Lupin otworzył oczy i przekręcił się w stronę przyjaciela. Bez zbędnych słów, za pomocą różdżki nastawił mu nos i powstrzymał krwawienie po czym z powrotem zasnął. Rogacz po upewnieniu się, że z jego twarzą już wszystko w porządku, uśmiechną się złowieszczo i skierował się w stronę łóżka Łapy w celu rewanżu.
***
W tym samym czasie w dormitorium dziewcząt z piątego roku, pewna mała rudowłosa osóbka najciszej jak tylko mogła, próbowała przedostać się z końca pokoju do samych drzwi. Miała zamiar udać się do Pokoju Wspólnego w celu poszerzenia swojej wiedzy na temat eliksirów przydatnych w gospodarstwie domowym. Wiedziała, że spotkanie tam kogokolwiek o tak wcześnie rano i to na dodatek w sobotę jest nierealne, więc w samej krótkiej koszuli nocnej i rozpinanym sweterku zeszła na dół. Nie myliła się. Pierwsze, lekkie promienie słoneczne delikatnie rozświetlały opustoszały Pokój Wspólny. Podeszła do wysłużonej kanapy i usiadła wygodnie. Jednym machnięciem różdżki zapaliła wszystkie najbliżej stojące lampy i świeczki. Tak teraz mogła czytać. Powoli, bardzo ostrożnie otworzyła księgę na momencie, w którym ostatnio skończyła. Teraz już nic nie mogło jej przeszkodzić. Książki były jej pasją a eliksiry całym życiem. Marzyła by zostać uzdrowicielem i zajmować się przypadkami związanymi z zatruciem eliksirami lub po prostu urokami. Tak. Mimo, iż była Mistrzem Eliksirów nikt nie równał się z nią także w rzucaniu uroków. Jedynym przedmiotem, z którego tylko raz na sprawdzianie dostała Wybitny była Transmutacja. Miała wrażenie, że jest najgorsza w klasie. Powyżej oczekiwań - tylko na tyle było ją stać. Nie raz zdarzało jej się. że jej puchar miał ptasie skrzydełka, a fotel świński ryjek. I wtedy z pomocą przybywał Remus. Miała wrażenie, że właściwie tylko dzięki niemu nie dostała jeszcze Nędzny.

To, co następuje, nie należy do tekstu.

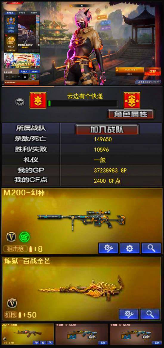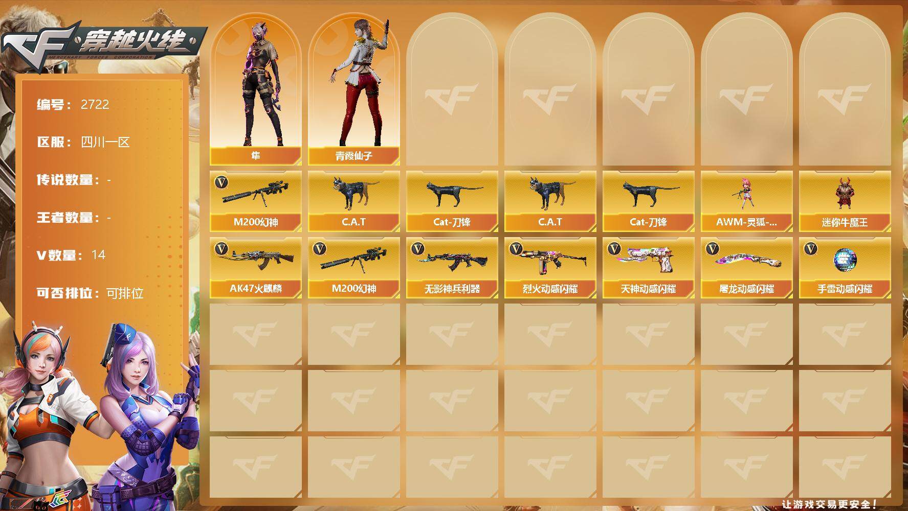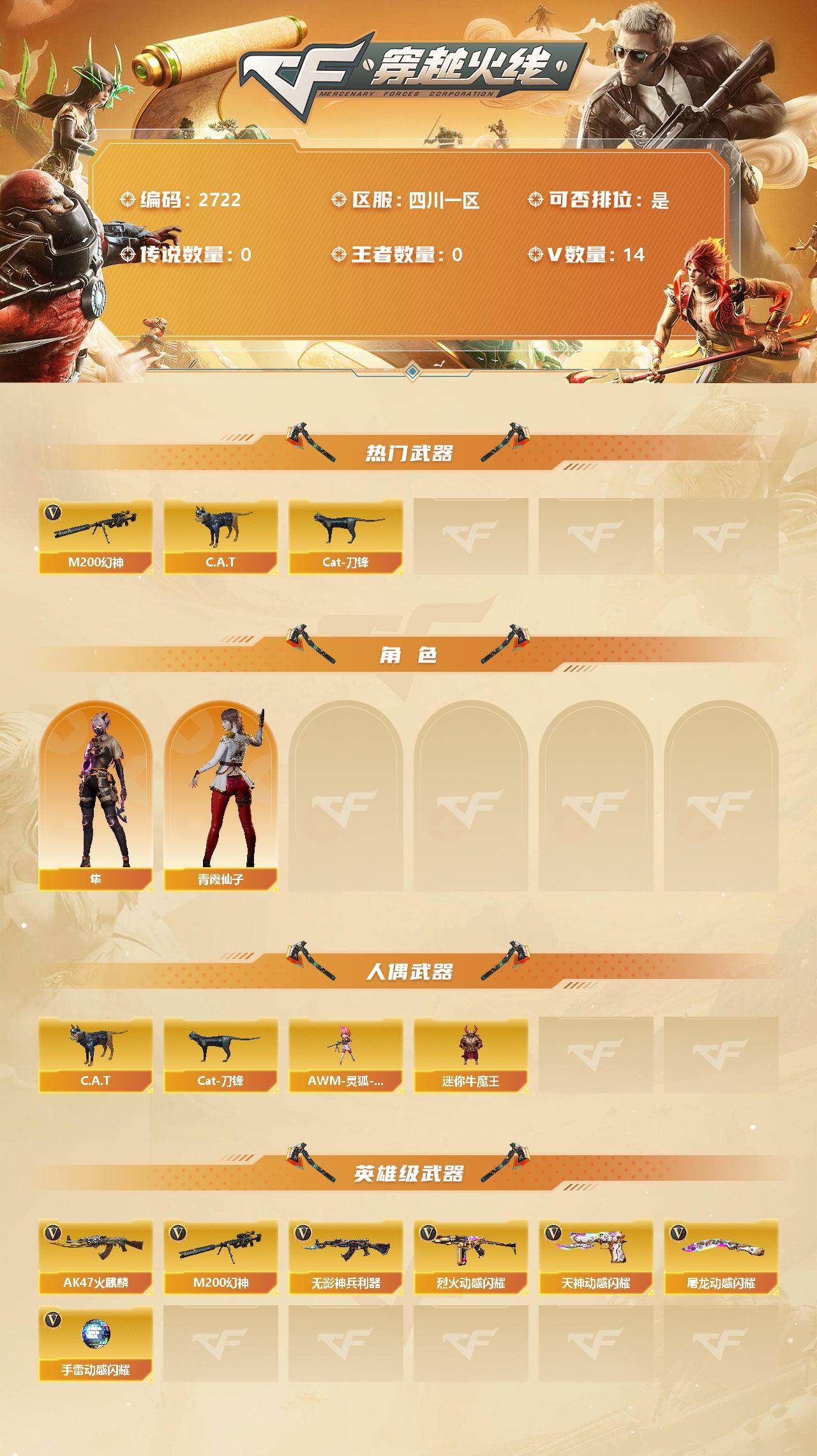 [12545533]【商品标题】:四川一区-14V-0王者-0炫金 【热门武器】:M200-幻神,C.A.T,Cat-刀锋 【角色】:隼,青霞仙子 【人偶武器】:AWM-灵狐-15周年嘉年华,C.A.T,Cat-刀锋,迷你牛魔王 【英雄级武器】:烈火-动感闪耀,天神-动感闪耀,屠龙-动感闪耀,手雷-动感闪耀,无影-神兵利器,AK47-火麒麟,M200-幻神 【特殊枪械】:

Pochłonięta ciekawą lekturą nawet nie zauważyła, kiedy zrobiło jej się bardzo gorąco. Kiedy było już jej bardzo duszno postanowiła choć na sekundę oderwać wzrok od równo ustawionych liter i poznać źródło ciepła. Oślepiło ją. Otwierała i zamykała oczy. Dość długą chwilę zajęło jej oswajanie się z przyjemnymi już teraz zdecydowanie mocniejszymi promieniami słońca. Spojrzała na zegarek. Dziewiąta dwanaście. " Jeszcze pół godziny" pomyślała i już miała wracać do lektury gdy nagle dotarła do niej ta wiadomość. Przez blisko trzy godziny siedziała pochylona nad książką. Podparła się lekko rękoma i rozejrzała po pomieszczeniu. Nie było jeszcze nikogo. Prawie nikogo.
- Ciekawa chociaż?
***
Rozejrzał się po dormitorium. Dwa łóżka zajęte i dwa puste. Remus właśnie odwracał się na drugi bok. Spał spokojnie. Spojrzał w stronę drugiego łóżka. Peter nie dawał żadnych znaków życia. Gdyby nie lekko unosząca się klatka piersiowa oznaczająca cyrkulację powietrza w jego organizmie, Rogacz mógłby przysiądź, że zmarł podczas snu. Szum wody nalewanej do wanny dał mu jasno do zrozumienia, że przez najbliższe dwie godziny nikt nie dostanie się do łazienki. A mu się tak nudziło. Zrezygnowany spojrzał na zegarek. Szósta siedem.Westchnął i od niechcenia rzucił się na swoje łóżko. Poprawił przekrzywione okulary i zaczął wpatrywać się w zegar. Szósta osiem..dziewięć..jedenaście..trzydzieści cztery..pięćdziesiąt dziewięć. Podpierając się łokciami po raz kolejny omiótł wzrokiem sypialnię. Bez zmian.Ta sama sceneria. Westchnął tym razem już zniecierpliwiony. Nienawidził wstawać pierwszy. Zresztą rzadko mu się to zdarzało bo jakoś nigdy nie był rannym ptaszkiem. " Pokój Wspólny" przeszło mu przez myśl. Były już dwie minuty po siódmej więc ktoś na pewno już wstał. Musiał z kimś porozmawiać. Po prostu potrzebował otworzyć buzię i zacząć gadać chodź by na najbardziej bezsensowny temat.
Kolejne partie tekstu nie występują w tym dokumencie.